# INFORMATION SUPPLIED

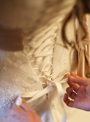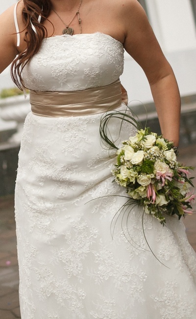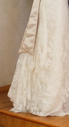 Итальянское свадебное платье. Кружевное со шлейфом. А-силуэт, цвет айвори. Купленное в фирменном салоне за 12 000 грн. В идеальном состоянии (практически одела и сняла). Не венчанное. После дорогой химчистки. Подойдет на размер от 44 до 50 (шнуровка сзади). Рост 168-170 см. Платье шикарное, элегантное и стильное, европейский дизайн. Я на свадьбе была 48-50 размера (реальные фото здесь). На фото шнуровки видно, что его можно стянуть до 44 размера (S/M), а можно и растянуть на 50-52. Кружево в реальности смотрится гораздо дороже чем на фото. |
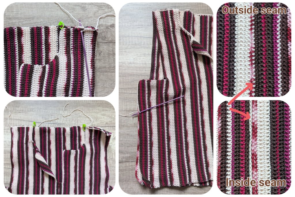 - Use the lightest yarn color (Powder Pink) and slip stitch the pieces together on the wrong side (this way, only the connecting seam is visible from the outside, not the slip stitches themselves).
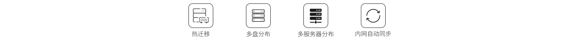 热迁移、多盘分布、多服务器分布、内网自动同步。
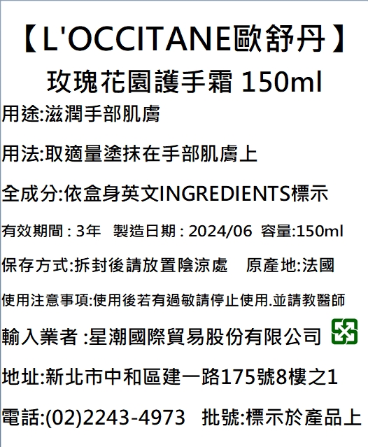 ◎Brand:L'OCCITANE 歐舒丹 ◎Specifications: 150ml毫升 x 1 x 1PC支
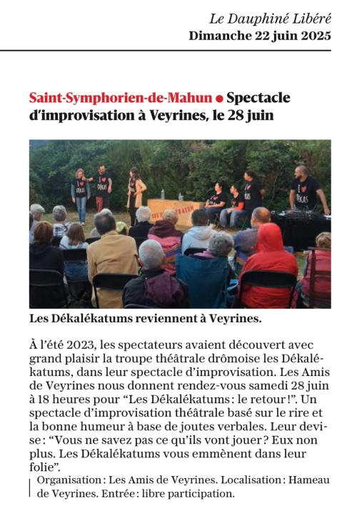 Deux années ont passées depuis que la compagnie de théâtre d’improvisation, Les Dékalékatum, est venue à Veyrines présenter son spectacle du moment : « Les Dékalékatum : 3, 2, 1 impro ! ». Les artistes avaient alors régalé le public grâce à leurs talents d’improvisateurs et leur savoir-faire en matière d’humour sur des sujets variés et pour tous types de situations.
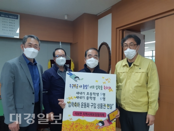 영양군 석보면지역사회보장협의체(공동위원장 강상수·장수상)는 최근 입학 초·중학생 11명에게 운동화 구입 상품권(10만원)과 축하 편지를 전달했다. 임범규 기자 bk8824@hanmail.net 다른기사 보기 저작권자 © 대경일보 무단전재 및 재배포 금지 당신만 안 본 뉴스 李대통령 “성과는 충분”… 재계 “국내 투자 확대하겠다” 신천지자원봉사단 대구지부, 대명역·관문시장 환경정화활동 실시 [부서탐방] 지역발전 대동맥...사통 팔달 교통망 확충 앞장 ‘구미시 도로 철도과’ 튀르키예서 독일인 일가족 숨져… 길거리 음식인가, 호텔 오염인가 [단독] 수능 끝났는데도 1시간가량 ‘대기’… 포항 두호고 수험생들 불만 ‘AI 버블’ 경계·美 금리 불확실성… 코스피 4000선 무너졌다 유재춘 이사장, 국회에 새마을금고 규제 완화 건의 李대통령 “성과는 충분”… 재계 “국내 투자 확대하겠다” 댓글삭제 삭제한 댓글은 다시 복구할 수 없습니다. 그래도 삭제하시겠습니까? 비밀번호 닫기 기사 댓글 0 댓글 접기 로그인 후 이용 가능합니다. 댓글 내용입력 비회원 로그인 이름 비밀번호 댓글 내용입력 댓글쓰기 계정을 선택하시면 로그인·계정인증을 통해 댓글을 남기실 수 있습니다. 회원 로그인 비회원 글쓰기 이름 비밀번호 자동등록방지 로그인 옵션 창닫기 주요기사 [이철우 칼럼] 행복을 유예하지 마라 [역사탐방] 일본서 꽃 피운 조선의 음식문화 해병특검, 공수처장·차장 기소··· 국회 위증 사건 방치 혐의 [속보] '6000만원 수수 혐의' 노웅래 전 의원 1심 무죄 與, 대미투자특별법 발의··· 美 관세 11월1일 소급 적용 與, 퇴직 대법관 수임 제한·법원행정처 폐지 추진… 법원 “사법권 침해” 반발
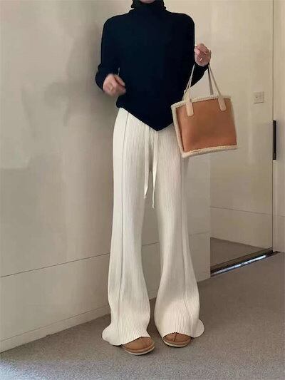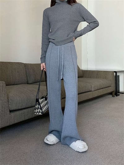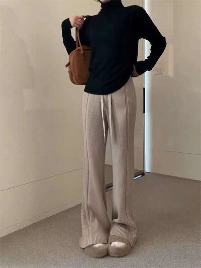 ニットパンツ レディース 秋 冬 リブパンツ ワイドパンツ リブ リブニットパンツ ウエストゴム ストレートパンツ プリーツパンツ リブニット パンツ 可愛い ゆったり リラックスパンツ ボトムス 無
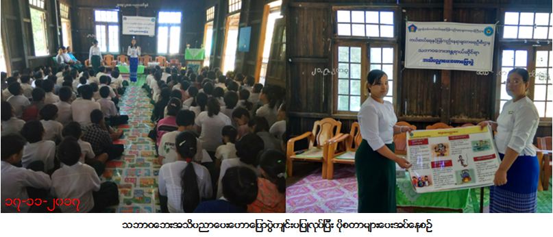 ကယ်ဆယ်ရေးနှင့် ပြန်လည်နေရာချထားရေးဦးစီးဌာန၊ မြောင်းမြခရိုင်ဦးစီးမှူးရုံးမှ တာဝန်ရှိသူများသည် (၁၇-၁၁-၂၀၁၇)ရက်နေ့ (၁၀:၀၀) နာရီအချိန်မှ (၁၁:၃၀)အချိန်ထိ မြောင်းမြမြို့၊ အထက (၂) ရေတွင်း ရေကန် ကျောင်းမှ ကျောင်းသား/သူ (၃၅၀) ဦးအား သဘာဝဘေးအသိပညာပေးဟောပေးဟောပြောပွဲ ကျင်းပပြုလုပ် ခဲ့ပြီး သဘာဝဘေးနှင့်ပတ်သက်သည့် ဆောင်ရန်/ရှောင်ရန်များ ဟောပြောခြင်း၊ အသိပညာပေးလက်ကမ်း စာစောင်များဖြန့်ဝေပေးခြင်း၊ ဘေး(၈)မျိုးပါ ပိုစတာပေးအပ်ခြင်းနှင့် DAN Mobile Application ထည့်သွင်း ပေးခြင်းများကို ဆောင်ရွက်ခဲ့ပါကြောင်း သတင်းရရှိပါသည်။
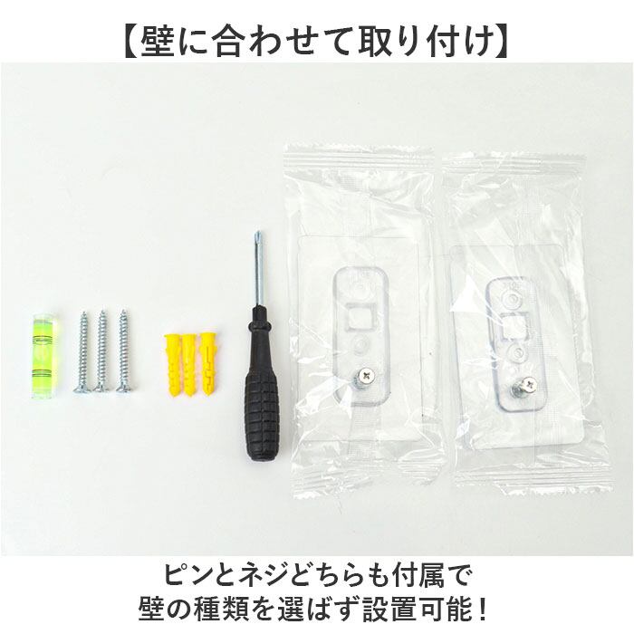 ・ピンとネジどちらも付属で壁の種類を選ばず設置可能!
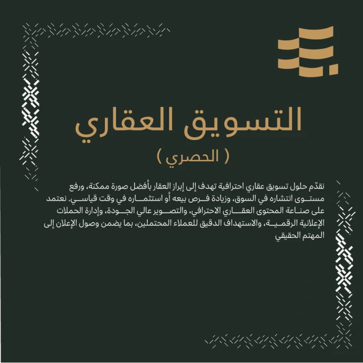 ﻧﻘﺪم ﺣﻠﻮل ﺗﺴﻮﻳﻖ ﻋﻘﺎري اﺣﺘﺮاﻓﻴﺔ ﺗﻬﺪف إﻟﻰ إﺑﺮاز اﻟﻌﻘﺎر ﺑﺄﻓﻀﻞ ﺻﻮرة ﻣﻤﻜﻨﺔ، ورﻓﻊ ﻣﺴﺘـــﻮى
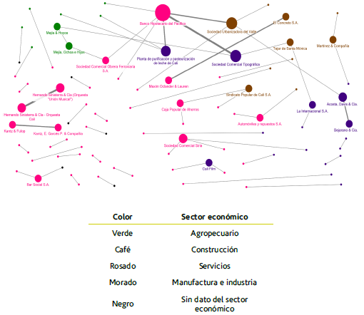Asimismo, es posible ver que esta diversificación en el sector agropecuario tuvo más vínculos con una industria de alimentos que con el sector financiero. Esto supone que la trasformación de materia prima era igual o más importante que la consecución de liquidez financiera por vía de obtener acciones en el banco. También vale la pena resaltar que existió un grupo de artesanos y trabajadores que lograron organizarse alrededor de sociedades comerciales, gremiales y mutuales con tal importancia que hacen parte de la red de empresas que indica la figura 5. Algunos de sus socios tuvieron presencia en la Caja Popular de Ahorros y la Sociedad de Carpinteros y Ebanistas de Cali y el Sindicato Popular de Cali S.A. La primera funcionaba como un fondo de ahorros, la segunda como una agremiación para prestar servicios y la tercera era una sociedad en la que se proponían construir viviendas para los asociados.
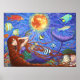 Redhead Mermaid in Corset with Moon and Fish Poster
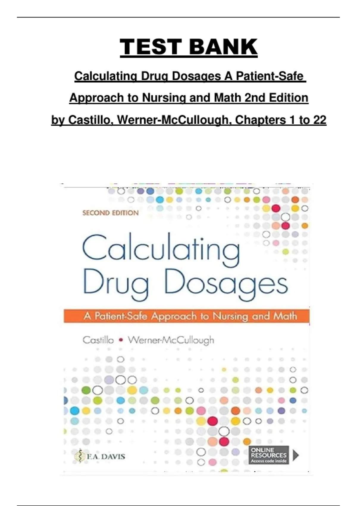 Test Bank – Calculating Drug Dosages: A Patient-Safe Approach to Nursing and Math (2nd Edition, Castillo & Werner-McCullough) – Chapters 1–22 Complete Assessment Material
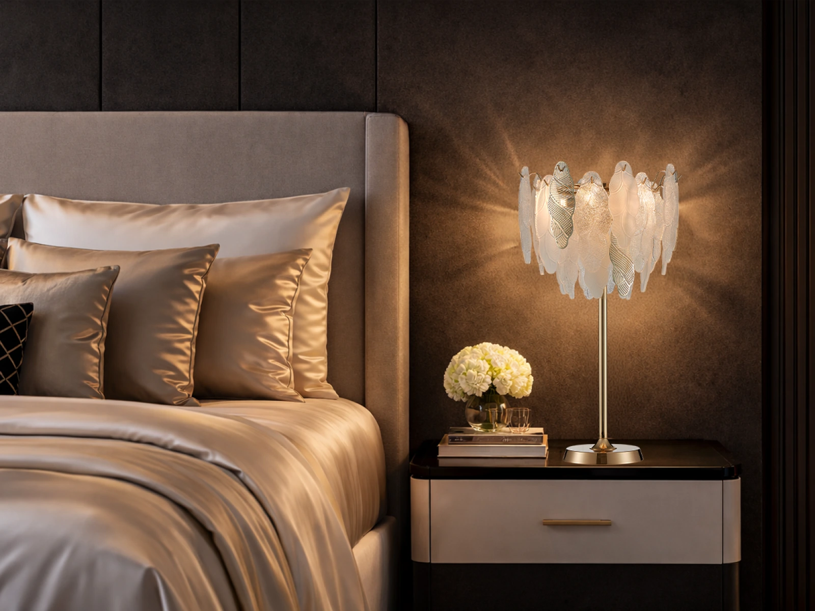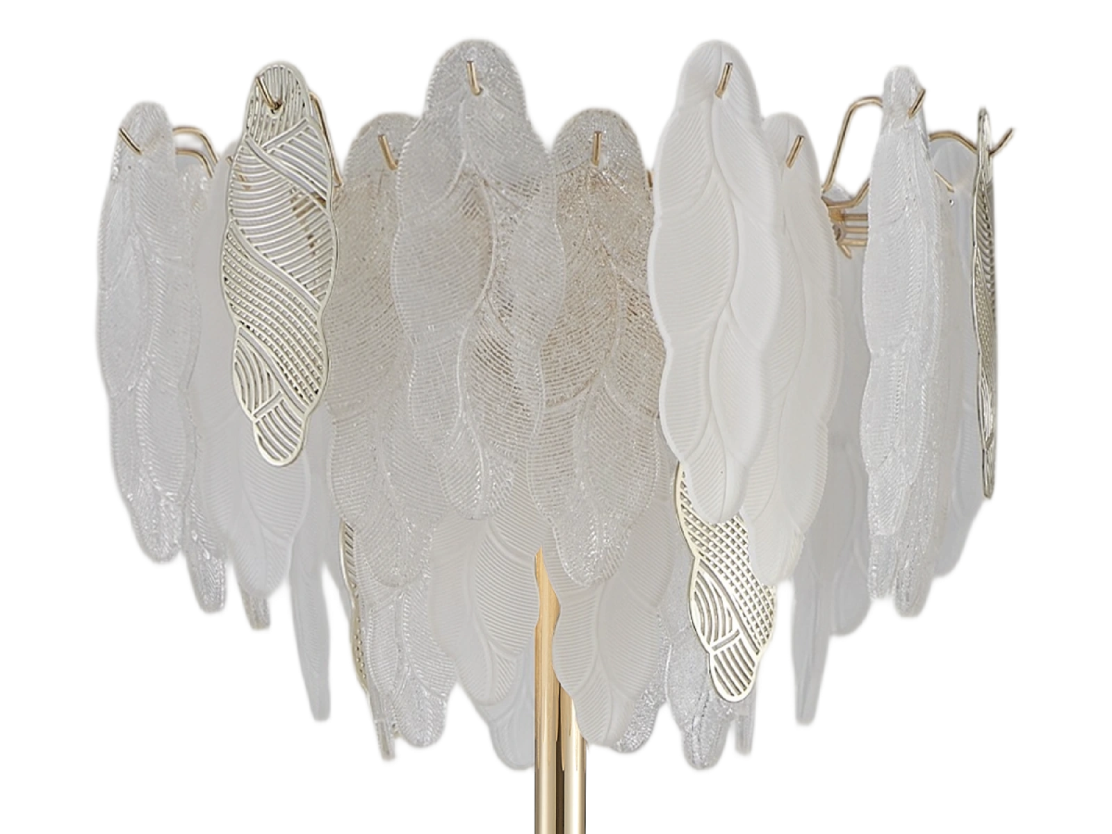 Jemná struktura skleněných prvků v kombinaci s dekorativními kovovými detailypodtrhuje luxusní a sofistikovaný charakter této kolekce.

# ACTION ITEM
Please restate the entries word for word. Skip the pictures.

# REPLY TO THE TASK
 Итальянское свадебное платье. Кружевное со шлейфом. А-силуэт, цвет айвори. Купленное в фирменном салоне за 12 000 грн. В идеальном состоянии (практически одела и сняла). Не венчанное. После дорогой химчистки. Подойдет на размер от 44 до 50 (шнуровка сзади). Рост 168-170 см. Платье шикарное, элегантное и стильное, европейский дизайн. Я на свадьбе была 48-50 размера (реальные фото здесь). На фото шнуровки видно, что его можно стянуть до 44 размера (S/M), а можно и растянуть на 50-52. Кружево в реальности смотрится гораздо дороже чем на фото. |
 - Use the lightest yarn color (Powder Pink) and slip stitch the pieces together on the wrong side (this way, only the connecting seam is visible from the outside, not the slip stitches themselves).
 热迁移、多盘分布、多服务器分布、内网自动同步。
 ◎Brand:L'OCCITANE 歐舒丹 ◎Specifications: 150ml毫升 x 1 x 1PC支
 Deux années ont passées depuis que la compagnie de théâtre d’improvisation, Les Dékalékatum, est venue à Veyrines présenter son spectacle du moment : « Les Dékalékatum : 3, 2, 1 impro ! ». Les artistes avaient alors régalé le public grâce à leurs talents d’improvisateurs et leur savoir-faire en matière d’humour sur des sujets variés et pour tous types de situations.
 영양군 석보면지역사회보장협의체(공동위원장 강상수·장수상)는 최근 입학 초·중학생 11명에게 운동화 구입 상품권(10만원)과 축하 편지를 전달했다. 임범규 기자 bk8824@hanmail.net 다른기사 보기 저작권자 © 대경일보 무단전재 및 재배포 금지 당신만 안 본 뉴스 李대통령 “성과는 충분”… 재계 “국내 투자 확대하겠다” 신천지자원봉사단 대구지부, 대명역·관문시장 환경정화활동 실시 [부서탐방] 지역발전 대동맥...사통 팔달 교통망 확충 앞장 ‘구미시 도로 철도과’ 튀르키예서 독일인 일가족 숨져… 길거리 음식인가, 호텔 오염인가 [단독] 수능 끝났는데도 1시간가량 ‘대기’… 포항 두호고 수험생들 불만 ‘AI 버블’ 경계·美 금리 불확실성… 코스피 4000선 무너졌다 유재춘 이사장, 국회에 새마을금고 규제 완화 건의 李대통령 “성과는 충분”… 재계 “국내 투자 확대하겠다” 댓글삭제 삭제한 댓글은 다시 복구할 수 없습니다. 그래도 삭제하시겠습니까? 비밀번호 닫기 기사 댓글 0 댓글 접기 로그인 후 이용 가능합니다. 댓글 내용입력 비회원 로그인 이름 비밀번호 댓글 내용입력 댓글쓰기 계정을 선택하시면 로그인·계정인증을 통해 댓글을 남기실 수 있습니다. 회원 로그인 비회원 글쓰기 이름 비밀번호 자동등록방지 로그인 옵션 창닫기 주요기사 [이철우 칼럼] 행복을 유예하지 마라 [역사탐방] 일본서 꽃 피운 조선의 음식문화 해병특검, 공수처장·차장 기소··· 국회 위증 사건 방치 혐의 [속보] '6000만원 수수 혐의' 노웅래 전 의원 1심 무죄 與, 대미투자특별법 발의··· 美 관세 11월1일 소급 적용 與, 퇴직 대법관 수임 제한·법원행정처 폐지 추진… 법원 “사법권 침해” 반발
 ニットパンツ レディース 秋 冬 リブパンツ ワイドパンツ リブ リブニットパンツ ウエストゴム ストレートパンツ プリーツパンツ リブニット パンツ 可愛い ゆったり リラックスパンツ ボトムス 無
 ကယ်ဆယ်ရေးနှင့် ပြန်လည်နေရာချထားရေးဦးစီးဌာန၊ မြောင်းမြခရိုင်ဦးစီးမှူးရုံးမှ တာဝန်ရှိသူများသည် (၁၇-၁၁-၂၀၁၇)ရက်နေ့ (၁၀:၀၀) နာရီအချိန်မှ (၁၁:၃၀)အချိန်ထိ မြောင်းမြမြို့၊ အထက (၂) ရေတွင်း ရေကန် ကျောင်းမှ ကျောင်းသား/သူ (၃၅၀) ဦးအား သဘာဝဘေးအသိပညာပေးဟောပေးဟောပြောပွဲ ကျင်းပပြုလုပ် ခဲ့ပြီး သဘာဝဘေးနှင့်ပတ်သက်သည့် ဆောင်ရန်/ရှောင်ရန်များ ဟောပြောခြင်း၊ အသိပညာပေးလက်ကမ်း စာစောင်များဖြန့်ဝေပေးခြင်း၊ ဘေး(၈)မျိုးပါ ပိုစတာပေးအပ်ခြင်းနှင့် DAN Mobile Application ထည့်သွင်း ပေးခြင်းများကို ဆောင်ရွက်ခဲ့ပါကြောင်း သတင်းရရှိပါသည်။
 ・ピンとネジどちらも付属で壁の種類を選ばず設置可能!
 ﻧﻘﺪم ﺣﻠﻮل ﺗﺴﻮﻳﻖ ﻋﻘﺎري اﺣﺘﺮاﻓﻴﺔ ﺗﻬﺪف إﻟﻰ إﺑﺮاز اﻟﻌﻘﺎر ﺑﺄﻓﻀﻞ ﺻﻮرة ﻣﻤﻜﻨﺔ، ورﻓﻊ ﻣﺴﺘـــﻮى
Asimismo, es posible ver que esta diversificación en el sector agropecuario tuvo más vínculos con una industria de alimentos que con el sector financiero. Esto supone que la trasformación de materia prima era igual o más importante que la consecución de liquidez financiera por vía de obtener acciones en el banco. También vale la pena resaltar que existió un grupo de artesanos y trabajadores que lograron organizarse alrededor de sociedades comerciales, gremiales y mutuales con tal importancia que hacen parte de la red de empresas que indica la figura 5. Algunos de sus socios tuvieron presencia en la Caja Popular de Ahorros y la Sociedad de Carpinteros y Ebanistas de Cali y el Sindicato Popular de Cali S.A. La primera funcionaba como un fondo de ahorros, la segunda como una agremiación para prestar servicios y la tercera era una sociedad en la que se proponían construir viviendas para los asociados.
 Redhead Mermaid in Corset with Moon and Fish Poster
 Test Bank – Calculating Drug Dosages: A Patient-Safe Approach to Nursing and Math (2nd Edition, Castillo & Werner-McCullough) – Chapters 1–22 Complete Assessment Material
 Jemná struktura skleněných prvků v kombinaci s dekorativními kovovými detailypodtrhuje luxusní a sofistikovaný charakter této kolekce.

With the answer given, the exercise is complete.